→ **RECORDED INFORMATION**:
==============================

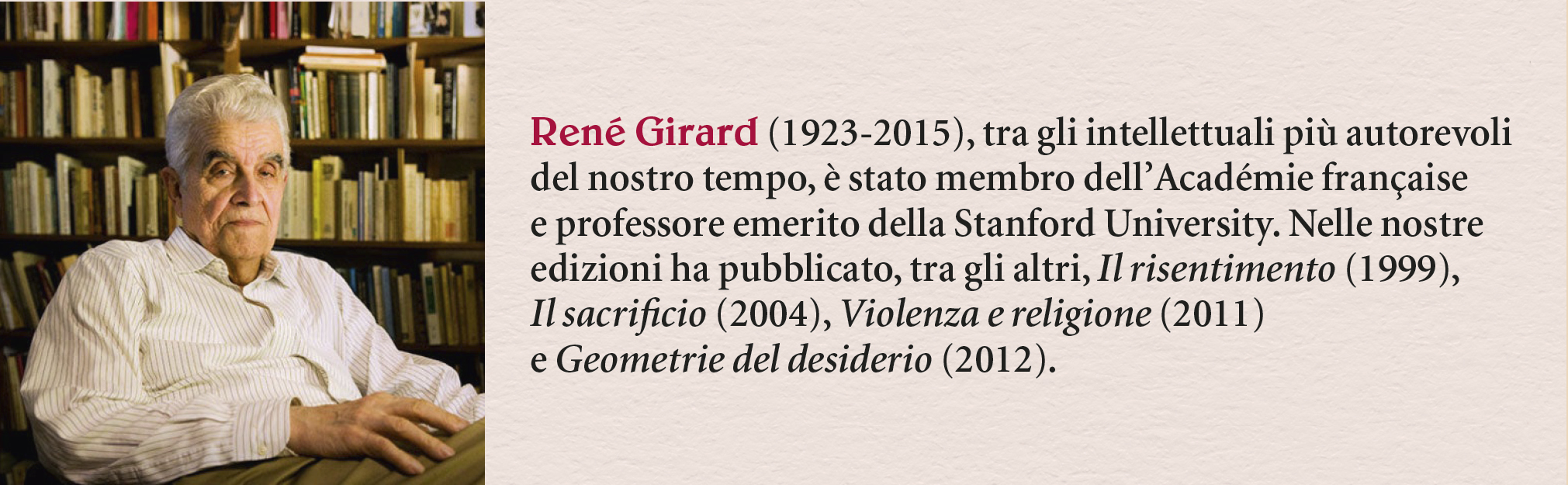 René Girard è tra gli intellettuali più autorevoli del nostro tempo. Nelle nostre edizioni ha pubblicato Il risentimento (1999), Origine della cultura e fine della storia (2003), Il sacrificio (2004), Violenza e religione (2011) e Geometrie del desiderio (2012).
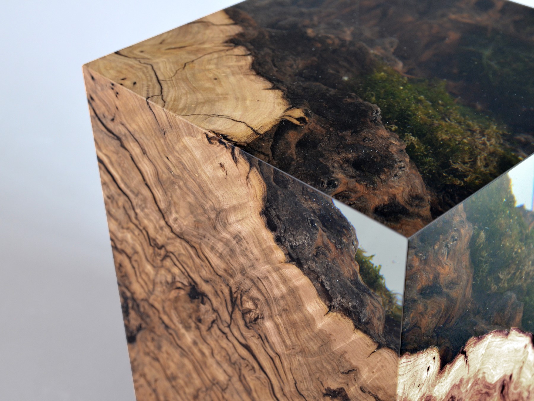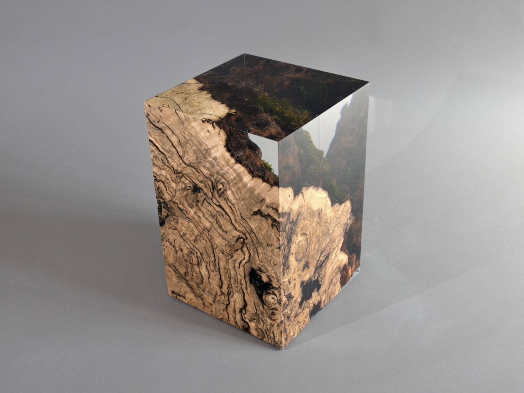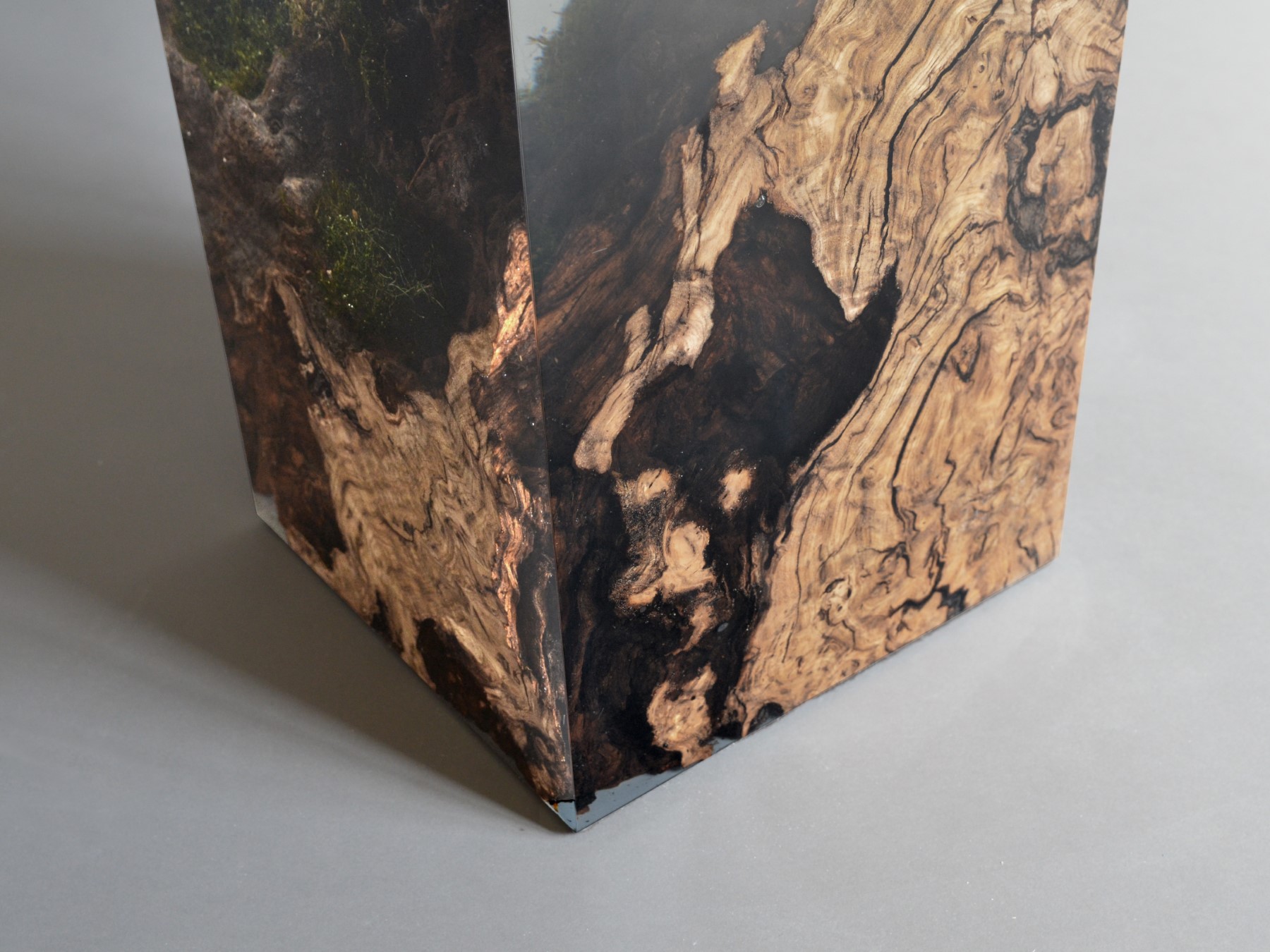 alcarol recover discarded pieces of Burled Chestnut log from a wetland of the Italian Dolomite countryside and preserve the natural bark surface with its native populations of plants, which are embedded in a transparent resin resembling the habitat water that generated their life.
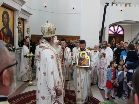 У знак захвалности владици Исихију, који је по први пут као архијереј служио у храму Светих Ћирила и Методија у Новом Саду, парохија телепска даривала је Његовом Преосвештенству икону Мајке Божје.

==============================

→ **YOUR GOAL**: Go through the listing above and retype it exactly, skipping every picture.

→ **WORKED SOLUTION**:
 René Girard è tra gli intellettuali più autorevoli del nostro tempo. Nelle nostre edizioni ha pubblicato Il risentimento (1999), Origine della cultura e fine della storia (2003), Il sacrificio (2004), Violenza e religione (2011) e Geometrie del desiderio (2012).
 alcarol recover discarded pieces of Burled Chestnut log from a wetland of the Italian Dolomite countryside and preserve the natural bark surface with its native populations of plants, which are embedded in a transparent resin resembling the habitat water that generated their life.
 У знак захвалности владици Исихију, који је по први пут као архијереј служио у храму Светих Ћирила и Методија у Новом Саду, парохија телепска даривала је Његовом Преосвештенству икону Мајке Божје.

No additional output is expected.